На третий день, едва я вернулся с дневной смены, за мной зашел кочегар Леня Краюшный – мы еще вчера сговорились идти на рыбалку, хоть в такое время шансов на удачу было не много.
– Идем рыбу удить! Снасть на двоих есть! Я тебе место покажу! – крикнул он, входя в комнатку, и весь дом загудел от его голоса.
До кочегарства Леня работал у бегунов, в цеху, где заготовляется фарфоровая масса. Бегуны – это два больших жернова, они бегают по вечному кругу в огромной гранитной чаше, дробя кварц, – и при этом очень шумят. Поэтому Леня и привык не говорить, а кричать. Фамилия Лени была Зуев, но его все звали Краюшным, потому что он жил в самом крайнем домике поселка, у оврага. Из-за своего громкого разговора и широкого безбрового лица Леня казался странным, даже чуть придурковатым. А на самом деле он был человек неглупый, читал очень много и два раза был премирован за рационализаторские предложения.
Мы прошли улицей поселка мимо тихих, невзрачных домиков. Прошли и мимо дома, где жила Леля.
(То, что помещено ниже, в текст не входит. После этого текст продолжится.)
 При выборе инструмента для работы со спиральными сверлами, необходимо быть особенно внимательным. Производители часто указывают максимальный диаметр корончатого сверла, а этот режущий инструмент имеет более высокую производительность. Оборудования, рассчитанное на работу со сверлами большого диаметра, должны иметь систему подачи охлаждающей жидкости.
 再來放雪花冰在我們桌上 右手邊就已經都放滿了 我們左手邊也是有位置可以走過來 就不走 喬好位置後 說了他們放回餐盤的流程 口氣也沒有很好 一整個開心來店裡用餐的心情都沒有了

Мне даже почудилось, что она сидела у окна, но сразу же отодвинулась от него, когда мы проходили возле палисадника.
– Нашего берега рыба не любит, здесь с завода воду из фильтропрессов спускают! – прогремел Краюшный. – На тот берег переедем.
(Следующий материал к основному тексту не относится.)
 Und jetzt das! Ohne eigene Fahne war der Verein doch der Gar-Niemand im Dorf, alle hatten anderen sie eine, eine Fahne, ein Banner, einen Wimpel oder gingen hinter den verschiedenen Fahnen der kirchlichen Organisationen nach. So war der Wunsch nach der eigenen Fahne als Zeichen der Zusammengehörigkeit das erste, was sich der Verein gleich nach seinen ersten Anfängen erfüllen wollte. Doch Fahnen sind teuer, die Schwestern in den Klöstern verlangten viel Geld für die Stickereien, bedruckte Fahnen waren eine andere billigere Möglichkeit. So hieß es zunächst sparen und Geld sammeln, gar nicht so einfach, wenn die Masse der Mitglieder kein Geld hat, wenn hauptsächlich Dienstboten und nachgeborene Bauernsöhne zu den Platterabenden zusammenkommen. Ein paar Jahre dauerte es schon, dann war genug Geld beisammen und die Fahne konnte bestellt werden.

Миновав рощу, мы вышли к перевозу. Шоссе, гладкое, прямое и уже совсем просохшее, упиралось прямо в реку и, вынырнув на другом берегу, шло дальше как ни в чем не бывало, такое же сухое и ровное. Посреди реки виден был паром, он медленно двигался в нашу сторону. Его канат время от времени сердито бил по воде, и от ударов по плесу шли узкие длинные блинки. Уже хорошо видны были пассажиры, подводы и настороженно косящиеся на воду кони. Когда паром подчалил, запахло дегтем, сеном и конским потом.
– Дядя Афоня, перевези нас задаром, у нас гривенников нет! – гаркнул Леня Краюшный.
– Тише ты, труба ерихонская! – строго сказал паромщик. – Коней пугаешь!
Меж тем с парома все сошли и съехали, и мы взошли на палубу.
– Ну, потянули, что ли! – обратился к нам паромщик. – На том берегу ждут. Сейчас все с Хмелева едут, поезд встречали.
– Потянули! – гулко сказал Леня, и эхо откликнулось ему с того берега.
– Постойте, никак поспешает кто-то, – остановил нас дядя Афоня. Потом, вглядевшись, улыбаясь, добавил: – Олька Богданова бежит, Марь-Викторовны племяшка. И чего ей занадобилось на том берегу?
Через минуту Леля – легкая, порозовевшая от бега – ступила на паром. Она несла пустую провизионную сумку из коричневых кожаных обрезков. Не глядя на нас, она поздоровалась с паромщиком и честно уплатила ему гривенник за переезд. Потом повернулась к нам и сказала:
– Здравствуй, Леня!
– Здравствуй, Оля! – молвил Краюшный, и снова эхо на другом берегу добросовестно повторило его слова.
– Леля, здравствуй, – сказал я наигранно небрежным тоном.
– Здравствуй, – равнодушно, почти враждебно ответила она, не глядя на меня.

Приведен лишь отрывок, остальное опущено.